June 25, 2024 • 6 min read

Generative AI: Learn How to Control Image Generation with Stable Diffusion

Rédigé par Simon Playe

Have you ever used ChatGPT to create images and been disappointed by the results? If you've felt this frustration or are simply interested in exploring more effective image-generation tools, Stable Diffusion could be the right solution.

With the popularity of ChatGPT, many are excited to uncover what generative AI can do. It's not just for creating text; this technology can also make images, videos, and even music. Yet sometimes, it's hard to get the pictures you want from a simple text prompt.

This article will look at Stable Diffusion, a tool built for generating images. Here, I'll show you how to use an API to control how images are made with Stable Diffusion, covering options for both non-coders and developers. The methods presented in this article include:

Directing the diffusion process towards a specific image (IP Adapter).
Retaining certain characteristics within an image through the diffusion process (ControlNet).
Extracting features from an initial image (Image to Image).
Training a specific model with a limited set of images for targeted adjustments (LORA, Model Fine-Tuning).
Adding new weights to the cross-attention layers to influence image characteristics (LORA).

Stable Diffusion

What is Stable Diffusion?

Stable Diffusion is a diffusion model specifically designed for image generation. It starts with an initial pattern of random noise and systematically refines or "denoises" this noise to produce images that closely resemble real-life pictures. The model guides this transformation by applying certain conditions (e.g. a text prompt) during the denoising process.

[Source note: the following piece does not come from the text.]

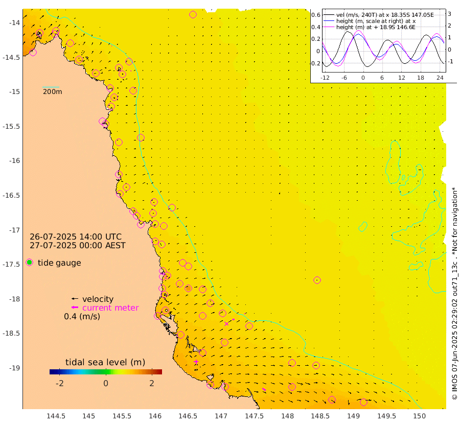 3cm/s -71T +11cm/s rms + 4cm/s -61T. GBRLSL 354m 3cm/s 52T +15cm/s rms + 2cm/s -84T. GBRLSH 32m 13cm/s 71T +15cm/s rms + 5cm/s -155T. GBRPPS 72m 4cm/s 68T +17cm/s rms + 13cm/s 115T. GBRMYR 223m 23cm/s 121T +18cm/s rms + 0cm/s -9T. NRSYON 29m 92cm Osprey Reef - West 105cm Stanley Island 83cm Pipon Islands 96cm Cape Melville 103cm Munro Reef 107cm Leggatt Island 121cm Normanby River 98cm Carter Reef 97cm Lizard Island (QLD) 101cm East Petherbridge Island 94cm North Direction Island 98cm Cape Flattery 98cm Ribbon Reef No.9 109cm Low Wooded Island 88cm Cape Bedford 70cm Endeavour River North 98cm Cooktown 95cm Cruiser Passage 89cm East Hope Island 99cm Bailay Creek 92cm Low Islets 100cm Port Douglas 99cm Palm Cove 101cm Yorkeys Knob 96cm Michaelmas Cay 69cm Euston Reef 103cm Cairns 91cm Green Island 87cm Fitzroy Island 95cm Sudbury Cay 95cm High Island 78cm Russell Island 97cm Peart Reef 94cm Nathan Reef 104cm Mourilyan Harbour 101cm Cowley Beach 113cm North Barnard Island 107cm Eddy Reef 136cm Beaver Reef 100cm Unnamed Reef No. 1 82cm Flinders Reef 107cm Clump Point 113cm Dunk Island 103cm Barnett Patches 116cm Goold Island 130cm Cardwell 102cm Britomart Reef 97cm Pith Reef 101cm Dip Reef 119cm Lucinda (Offshore) 107cm John Brewer Reef 115cm Albino Rock 101cm Shrimp Reef 90cm Jaguar Reef 123cm Townsville 117cm Cape Ferguson 126cm Stanley Reef 122cm Wallaby Reef 109cm Kennedy Reef

diffusion process stable diffusion — source: https://en.wikipedia.org/wiki/Diffusion_model#/media/File:X-Y_plot_of_algorithmically-generated_AI_art_of_European-style_castle_in_Japan_demonstrating_DDIM_diffusion_steps.png

However, unlike traditional methods that rely solely on text prompts for conditioning, Stable Diffusion offers more flexible and sophisticated controls:

Image-based Conditioning: Through features like the IP-Adapter and ControlNet, Stable Diffusion can use an existing image to steer the generation, enabling modifications or enhancements based on that image.
Image-to-Image Transformation: This feature lets the model start not from scratch but from an existing image, which it then alters into a new creation.
Style Control: Users can select models that generate images in specific artistic styles, or even train their models to produce custom styles.
Hybrid Conditioning: It allows the combination of text prompts, images and different models to condition the generation, offering unprecedented control over the output.

To experiment with these various techniques of controlling image generation, ModelsLab provides a convenient Stable Diffusion API. It is available in two formats:

Playground Version: A user-friendly interface designed for experimentation and exploration without needing extensive technical knowledge.
Developer API: Offers more detailed control and customization, suitable for developers looking to integrate these capabilities into their applications.

In the following sections, I will delve into each technique, demonstrating how to leverage the ModelsLab platform to realize your creative vision.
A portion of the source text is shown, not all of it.